S3 keys are not file paths

Posted 18 August 2020
Tagged with amazon-s3, aws, path-problems

If you look at an S3 bucket, you could be forgiven for thinking it behaves like a hierarchical filesystem, with everything organised as files and folders. Indeed, the S3 console even has a button labelled “Create folder”:

Screenshot of the S3 console, including a 'Create folder' button in blue

But S3 isn’t a filesystem; it’s an object store. Each object is associated with a key, and although keys often happen to look a bit like filesystem paths, they’re not the same. If you treat them as interchangeable, you may be in for a nasty surprise – as I recently discovered.

The problem

Most filesystems have special path entries that mean “the current directory” and “the parent directory” – on Unix-like systems, those are . and .., respectively. That means that if you treat the following strings as paths, all four of them point to the same file:

pictures/cat.jpg
pictures//cat.jpg
pictures/./cat.jpg
pictures/pets/../cat.jpg

But in S3, object keys are just an unstructured identifier – characters like / and . don’t have any special meaning.
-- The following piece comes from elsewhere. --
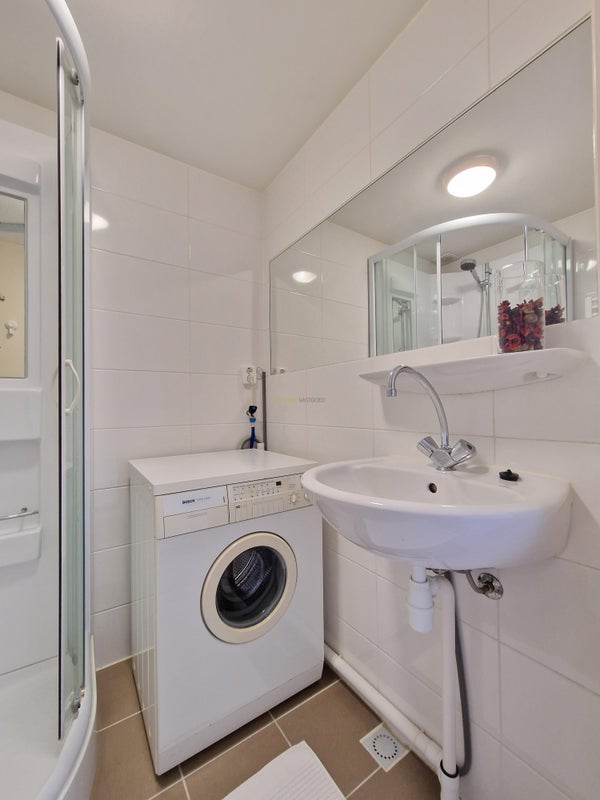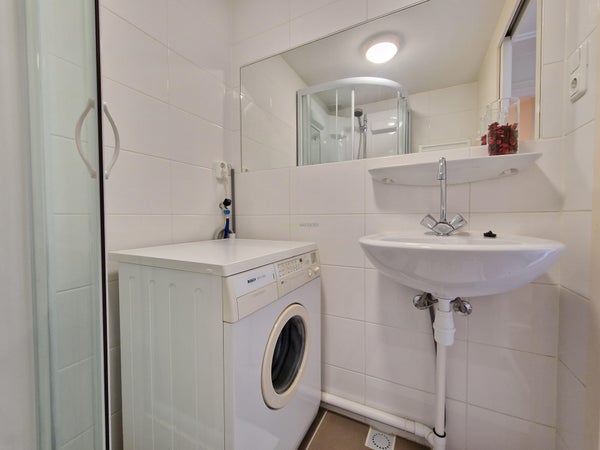 Entree studio, hal met separaat toilet, moderne badkamer voorzien van luxe douchecabine, wastafel, wasmachine en design radiator.De nette keuken is voorzien van een gaskookplaat, afzuigkap, combi-magnetron en koelkast. Via het woon-slaapgedeelte is het ruime balkon te bereiken.

The console will uses slashes to create faux-directories to make it easier to navigate, but there’s no special treatment for a faux-directory called . or ...

You could use the four strings above as keys for four different S3 objects. That’s completely legal, but it’s liable to confuse any code that thinks of the world as a filesystem – or any code that manipulates S3 keys as if they were file paths.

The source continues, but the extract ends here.